Attendees uniformly talked about the difficulties of accessing financing for new lodging projects and acquisitions. Small Business Administration lending is still active, but nearly all larger loans either come with prohibitively restrictive terms or just aren’t available. But unless the economy faces more volcanic shocks like it has in the past few weeks, most believe financing will loosen sometime during late next year or early 2010.

“Financing is still out there, but it’s more expensive,” said Monty Bennett, president & CEO of Ashford Hospitality Trust. “The bailout plan under discussion in Washington would allow banks to start lending again, which would be good for our business. The question is how soon the lending could start once the bailout goes into effect.”

Bennett and others on a general session panel on Thursday morning agreed that the development pipeline is bound to slow, at least in certain segments, such as upscale and higher. Yet Steve Joyce, president & CEO of Choice Hotels, believes it’s a good time to build.

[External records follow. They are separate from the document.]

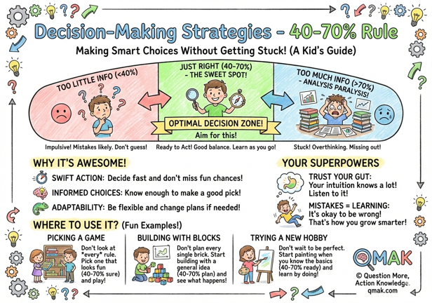 Present the 40-70% rule through examples that resonate with children’s experiences, such as choosing a game to play with friends or deciding what to build with blocks. Emphasize the importance of gathering enough information to make a good choice without getting stuck in indecision.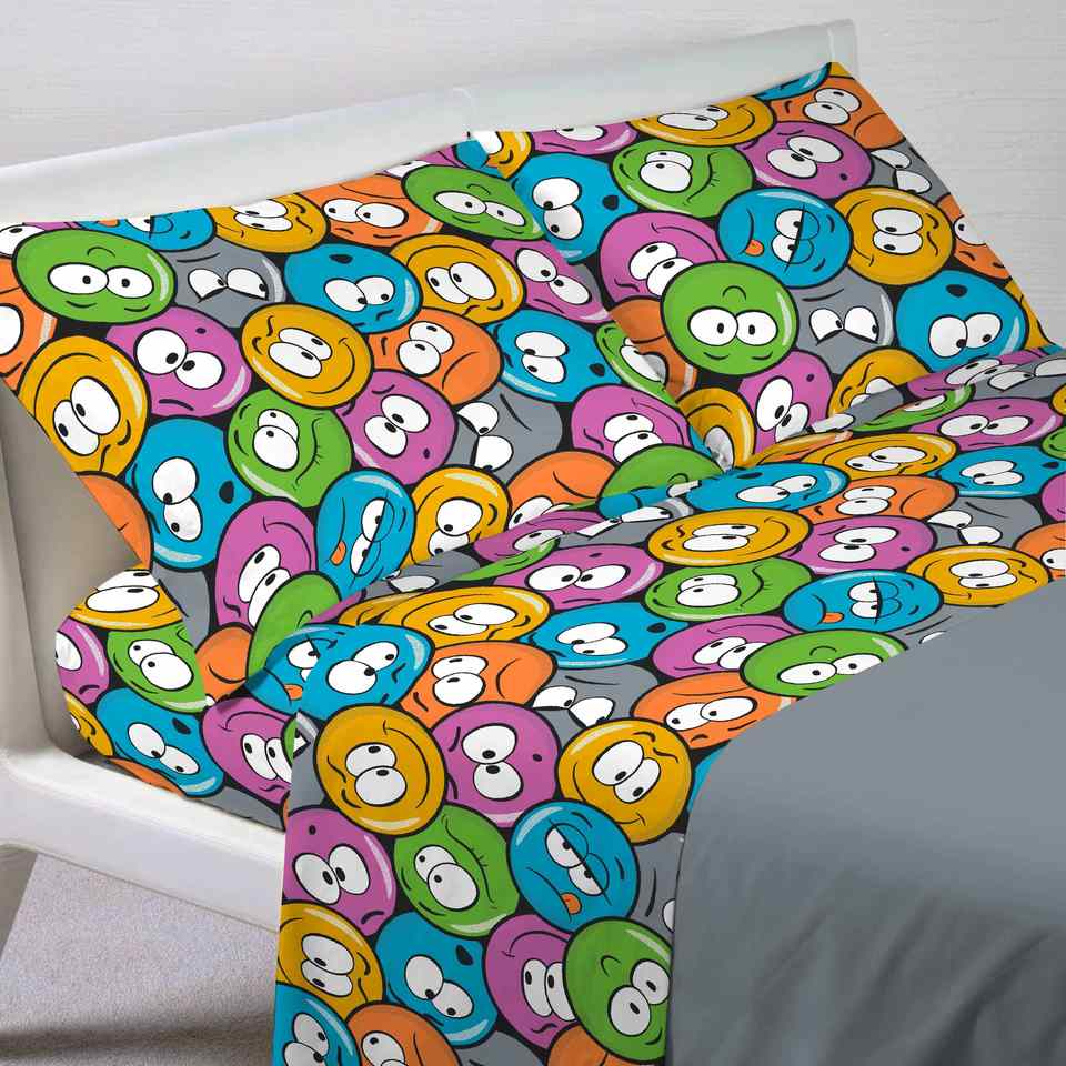 Parure de draps imprimée avec émoticônes, 100 % coton, taille double allemande, taies d'oreiller incluses
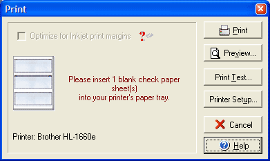 Clicking the Print button will send the print operation on to your printer, while using the Preview button will allow you to view what the output will be. The Print Test... will allow you to print a test check to insure that the check prints out and lines up correctly. The Printer Setup button will open the standard printer dialog box that allows you to adjust printer properties, or you can Cancel the print job. Printing with inkjets and optimization: |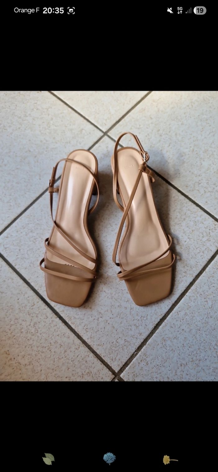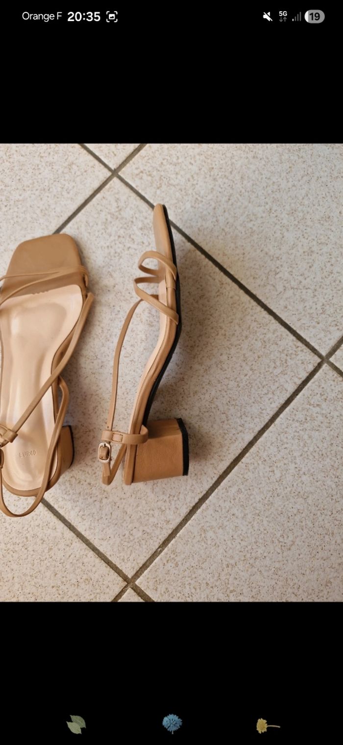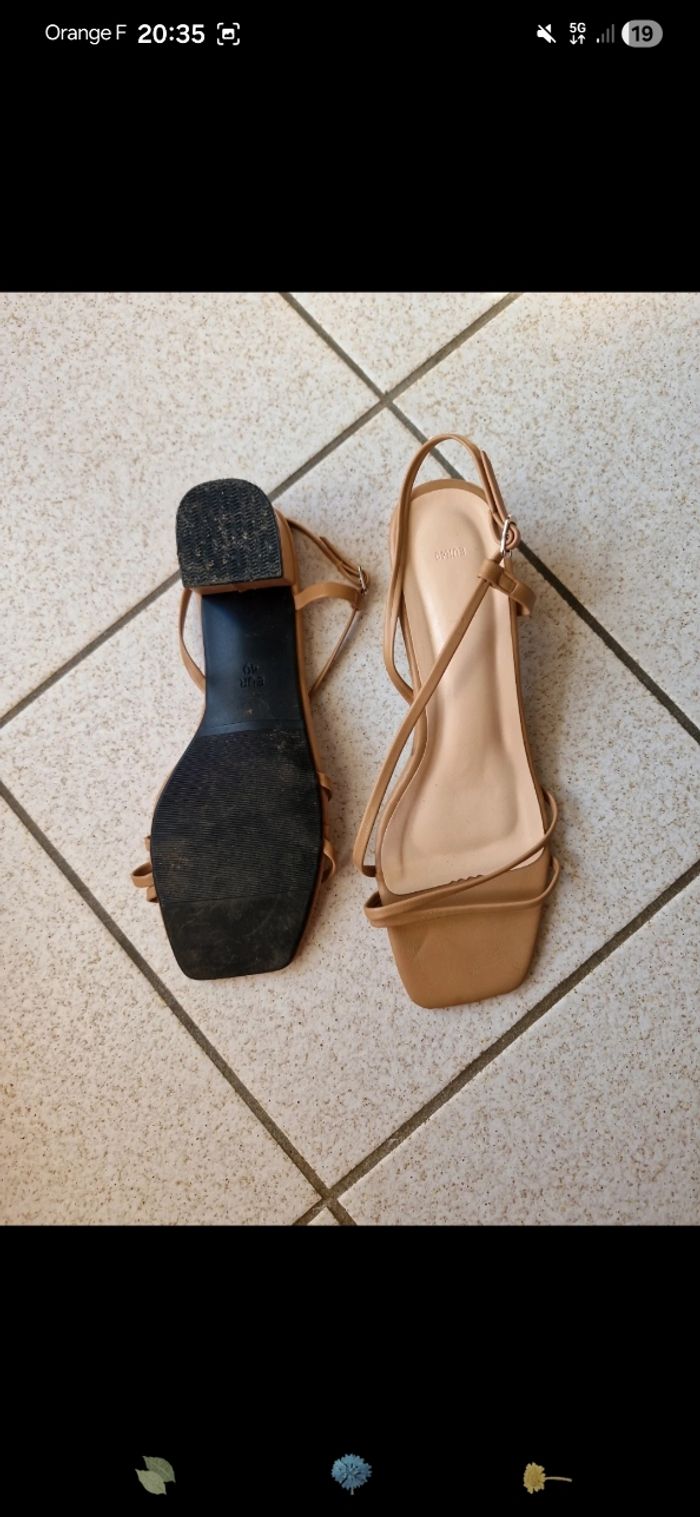 Chaussure ouverte, beige, sans marque, portées quelques fois. 6cm de talon. Taille 40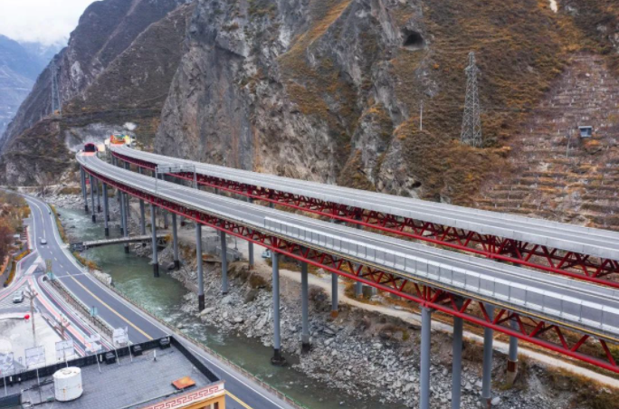 汶川克枯大桥是汶马高速公路的控制性工程之一,是全国首座预应力钢管混凝土桁梁桥,全长6.43公里,被誉为川藏线上的“彩虹桥”。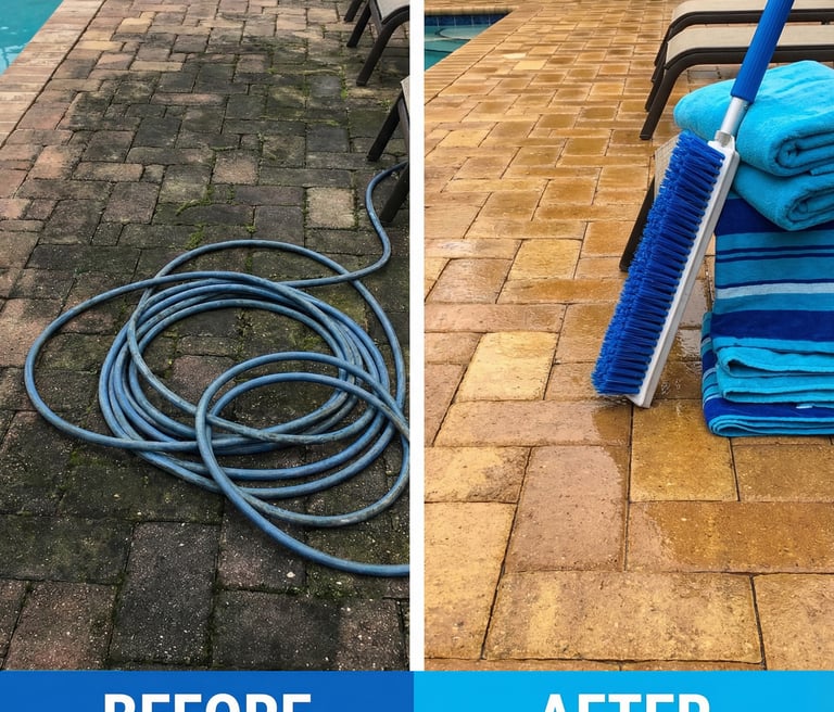 Decks and patios refreshed by removing discoloration and buildup, making outdoor spaces inviting again for family and friends.
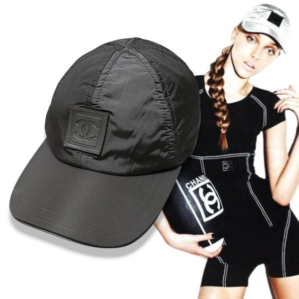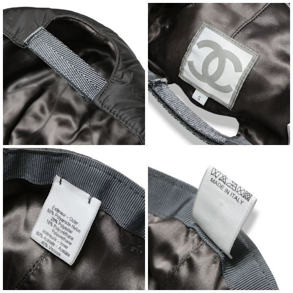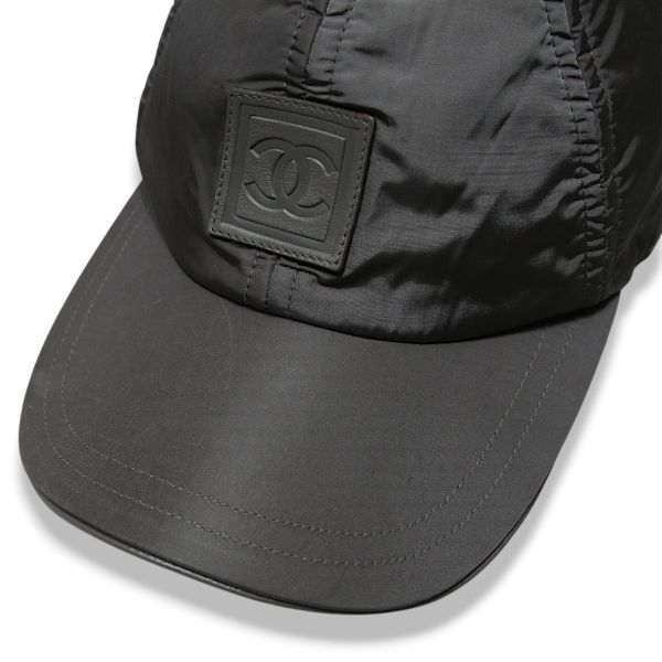 良品 正規品 CHANEL シャネル スポーツライン ココマーク CC ロゴ ナイロン キャップ 帽子 S グレー イタリア製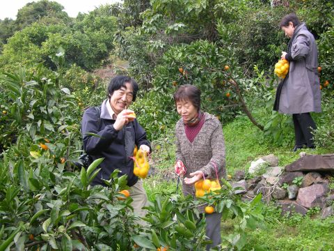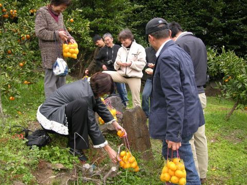 2年に一度のペンション振興会の旅行で真鶴へ。日頃山に住むものにとって海は魅力的。小田原市の郊外江の浦泊まりです。部屋の前にはこぶちさわとは相模湾が広がり豊かな緑の中には豊富な柑橘類のオレンジ色が目立ちます。小淵沢とはまた違った風景の中で、ゆったりとした時間がながれます。部屋の前にはじめて見る柑橘系の実がなっていて、お聞きしたら仏手柑とのことでした。宿の裏のみかん畑でのみかん狩りも、楽しいものでした。網の袋につめ放題。女性の袋は今にもみかんが転げおちそう。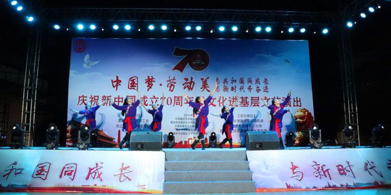 音乐学院2019年暑期“三下乡”文化艺术交流服务团来到武隆区体育馆,以庆祝新中国成立70周年为契机,依托自身专业特点,通过开展文艺演出、社会调研、国家资助政策宣传等活动,与武隆区总工会共同开展送演出进基层活动,并对群众文艺娱乐活动在当地开展状况进行实地调研等。现场演出内容包括独唱、重唱、器乐合奏、舞蹈、诗歌朗诵等,吸引了千余名群众观看演出。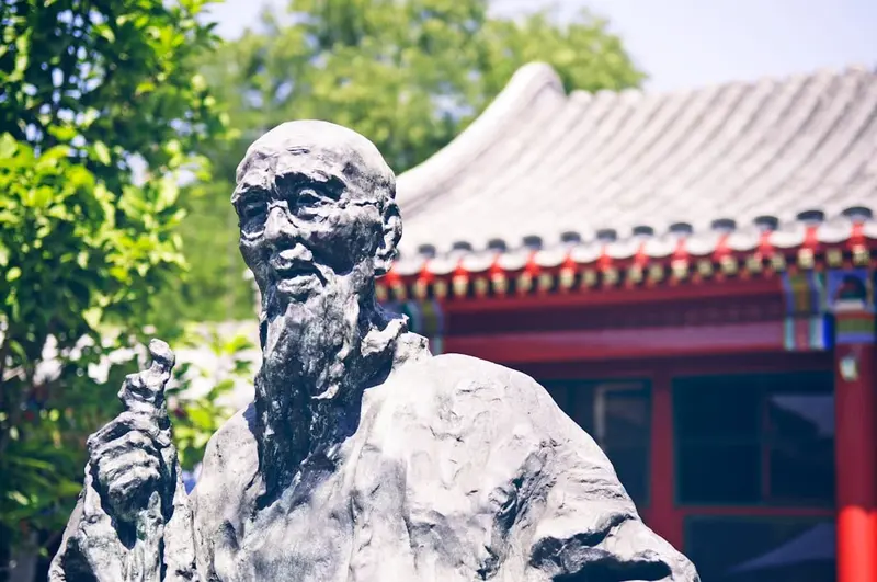 공자의 가르침은 제자들이 기록한 『논어(論語)』에 집약되어 있다. 그는 법률과 형벌보다 도덕적 모범과 교화를 통한 통치를 주장하며, 통치자의 덕이 "바람이 풀을 구부리듯" 백성에게 스며든다고 보았다. 공자는 노나라에서 관직을 지내다 뜻을 펼치지 못하자 여러 나라를 주유(周遊)하며 제자를 가르쳤다.

“It’s probably the best construction environment in 10 years,” said Joyce in an interview. “The costs of materials and land is down, reasonable contracts are available and labor is plentiful. And by building now, developers will be able to open properties as we hit the upturn.”

While many of Choice’s products can be built for less than $10 million and can get financed by local banks, the company is offering incentives to developers willing to buy the more-costly Cambria Suites brand as well as Choice’s extended-stay brands, Suburban and MainStay Suites.